FRANKLIN -- More than 400,000 Americans are expected to get a drone for Christmas -- and if you're one of them, the federal government wants your name, your address -- even your credit card. The FAA's new drone registration system opens Monday, December 21st. This, as some say the new registry goes too far.
Call them drones, quadcopters or unmanned aerial systems...
Whatever you call them, Scott Fisher says they're among the hottest new technology this holiday season. He owns Gift of Wings in Franklin and Greendale and he says they're selling all kinds of drones, including the sophisticated machines that used to be reserved for serious hobbyists.
"We have people coming in and looking at these, but the toys are more popular," Fisher says.
Fisher says the demand for drones is booming.
"The FAA really got caught by surprise by this," Fisher said.
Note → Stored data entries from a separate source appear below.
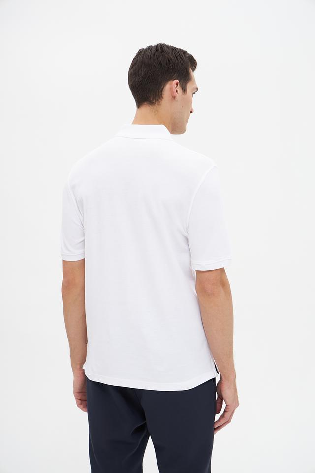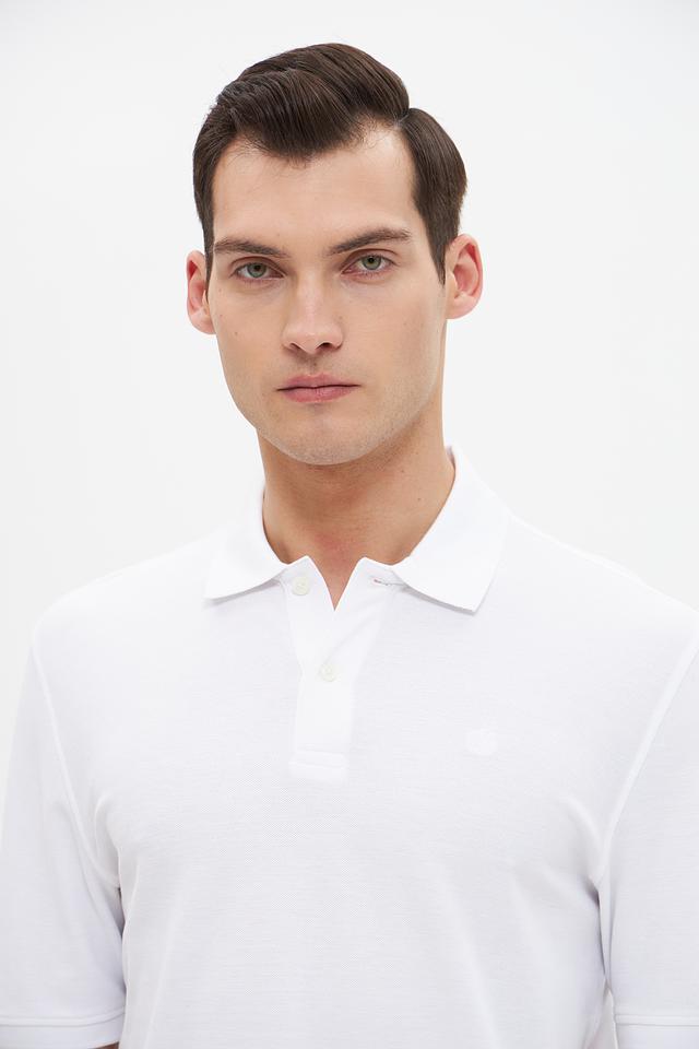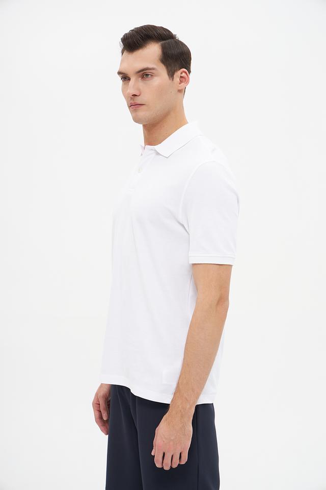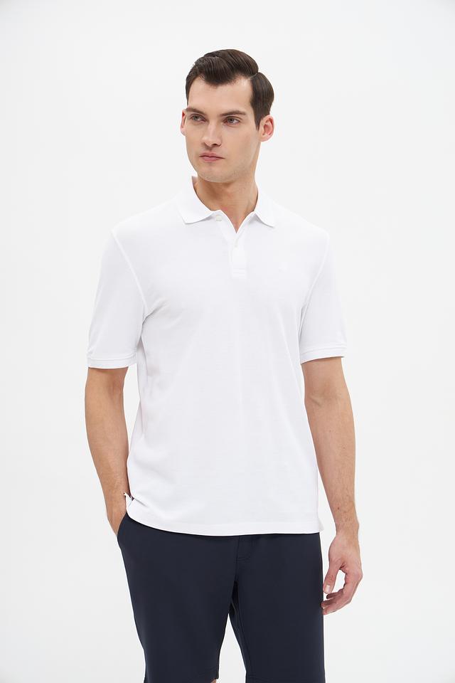 Мужское поло от Bugatti выполнено в классическом белом цвете. Изделие имеет прямой крой, короткие рукава и традиционный воротник-поло с планкой на пуговицах.
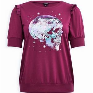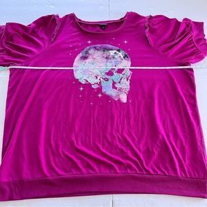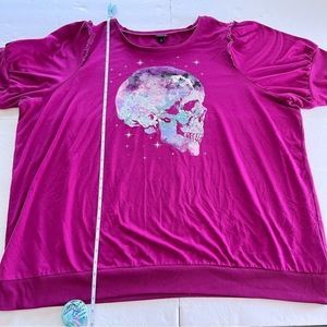 Torrid French Terry Short Sleeve Purple Skull Lightweight Sweatshirt 5X
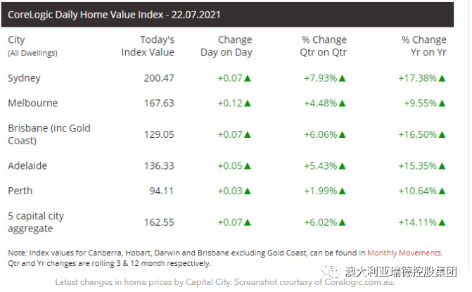截至 2021年3 月,澳大利亚的住宅房地产总价值增至 7.9 万亿美元。澳大利亚房价上涨 5.8%——自 2003 年 10 月以来的最高季度增长率。综合区域住宅市场价值高出 11.4%
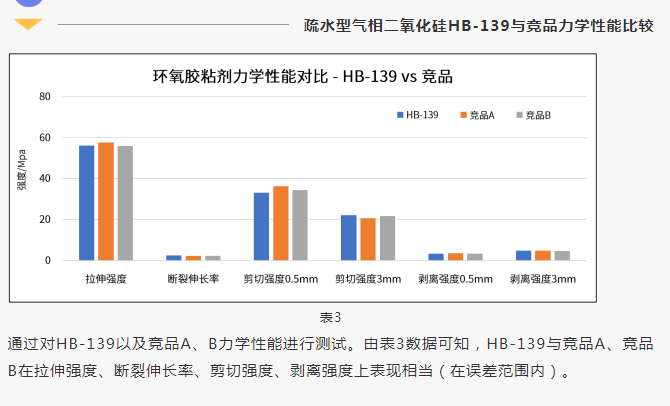结论:气相二氧化硅在环氧风电叶片胶中可作为增稠触变剂,能有效增加叶片胶的粘性、稠度,提升垂直面的施工的便利性,可减少胶料无控制流动。在适量添加量下,疏水型气相二氧化硅增稠触变性好于亲水型。在提升胶料产品性能方面,国产疏水型气相二氧化硅HB-139在环氧风电胶力学补强、粘接强度提升、抗下垂性上,与竞品比较具有较强的竞争力。

In a report released last week, the Federal Aviation Administration says the number of drones in operation shot up from about 200,000 last year to 1,600,000 this year. Another two million drones are expected to be sold in 2016.
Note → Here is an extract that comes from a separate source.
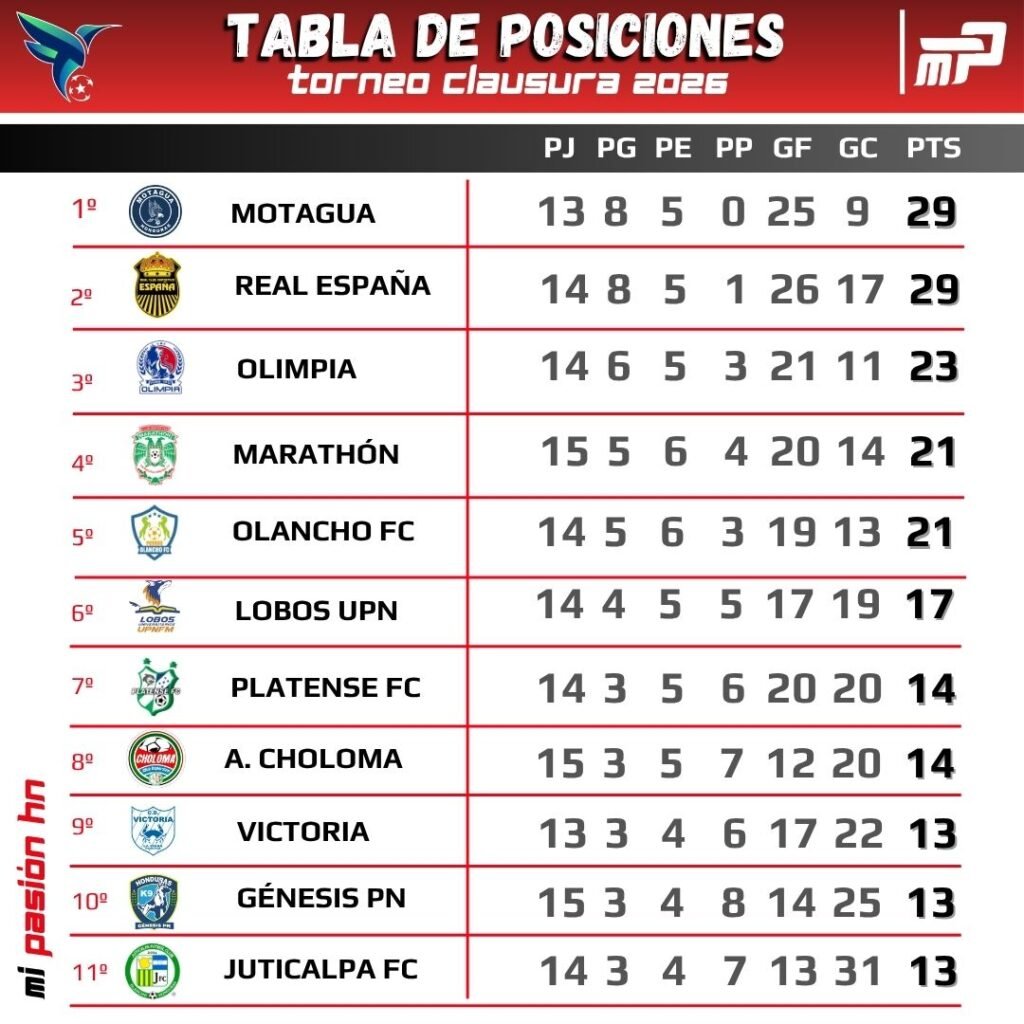 El tercer lugar es para Olimpia con 23 puntos, mientras Marathón es cuarto con 21 puntos, seguido de Olancho FC con igual número.

Russ Klingaman is a licensed pilot and a professor of aviation law at Marquette University.
"We have to find a safe way to share that airspace," Klingaman said.
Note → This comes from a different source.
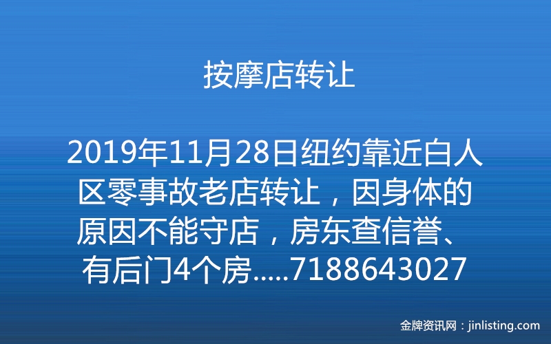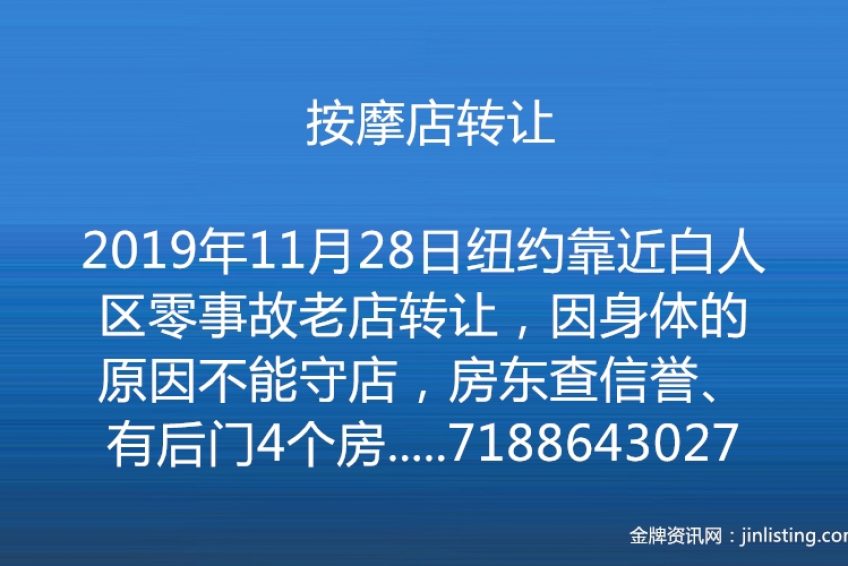 按摩店转让 纽约靠近白人区零事故老店转让,因身体的原因不能守店,房东查信誉、有后门4个房间,一天十几个工忍痛出售,请电7188643027闲打听勿扰,随时看店
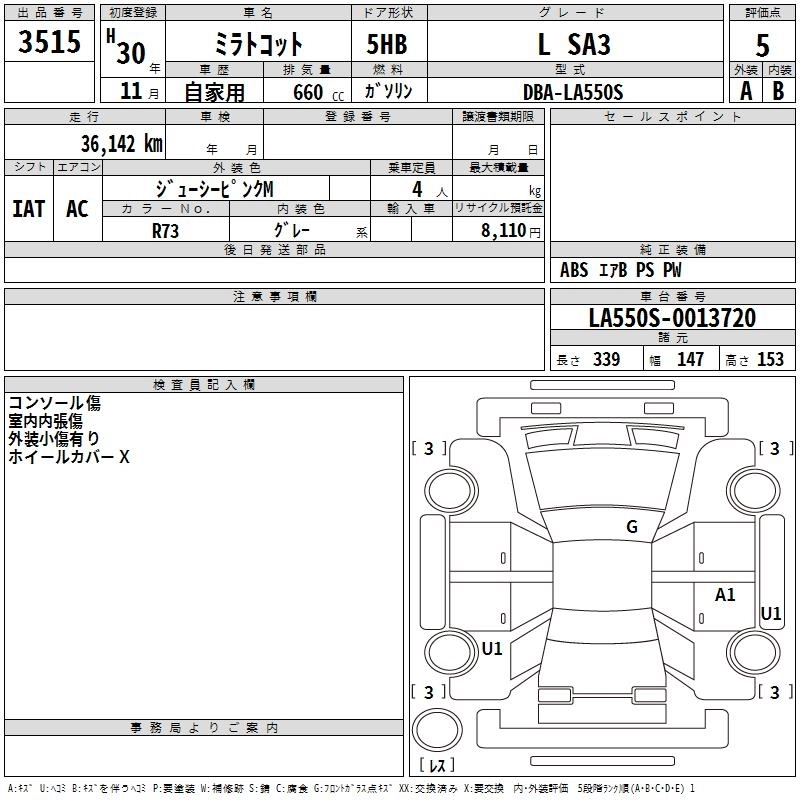 Статус выставлен на аукцион Лот 3515 Аукцион TAA Chubu Дата аукциона 11.12.2025

This year alone, the FAA has logged more than a thousand reports of unsafe drone operation, including near misses with airplanes in flight, crashes at major sporting events, even a crash on the White House lawn.
Because of that, the agency deemed the problem 'urgent' and rushed to approve a new registration system.
"It's a fast track approach. It's a little unusual," Klingaman said.
They wanted to have a new system in place before Americans launch their Christmas presents into the national airspace.
"They are pilots, in a sense. But they don't have to take a test. They don't have to read any books. They don't have to study the maps," Klingaman said.
The purpose of the registration system is to educate new users about safe drone operation and to help police track down the owner of a drone that causes damage, injuries or even death.
"If it does happen, we want to know who did it," Fisher said.
The online system will require you to give the government your name, physical address, email address and $5 -- paid by credit card.
In return, you get an FAA registration number.
"That number will apply to everything you have. So let`s say you have two of these. You get one number," Fisher said.
"It's really identifying you," FOX6 Investigator Bryan Polcyn said.
"You, yes," Fisher said.
"I don't see it as much different than a fishing license or a boating license," Klingaman said.
It's up to you to put the number on your drone. There's no official sticker.
"You can do it with a Sharpie. You can do it with a label gun," Klingaman.
That's one more indication the new system was rushed.
Rich Hanson represents the Academy of Model Aeronautics, a remote-controlled flying club with 180,000 members across the United States.
And he says the registration system goes too far.
"The threshhold they're now using is way too low in our opinion," Hanson said.
Serious hobbyists fly drones that can weigh up to 55 pounds and pose a real safety hazard if they crash into a plane or fall from the sky.
But the FAA's registration rule applies to drones as light as 250 grams or about half-a-pound.
That's roughly the weight of a mobile phone with a hard cover case.
"The next big thing to drop is how the public reacts to this idea of having to register virtually toy aircraft," Hanson said.
Klingaman says the new rule may have flaws, but it's a step in the right direction.
"If it cuts the risk in half, if we have only half the accidents because we've registered and educated, versus doing nothing, I think there's some benefit there," Klingaman said.
If you have a new drone that's never been flown, you are required to register right away.
If you have one you've already been flying, you have until February 19th to sign up.
Failure to register is subject to fines of up to $27,500.
However, the FAA says their initial focus will be on education, not necessarily enforcement.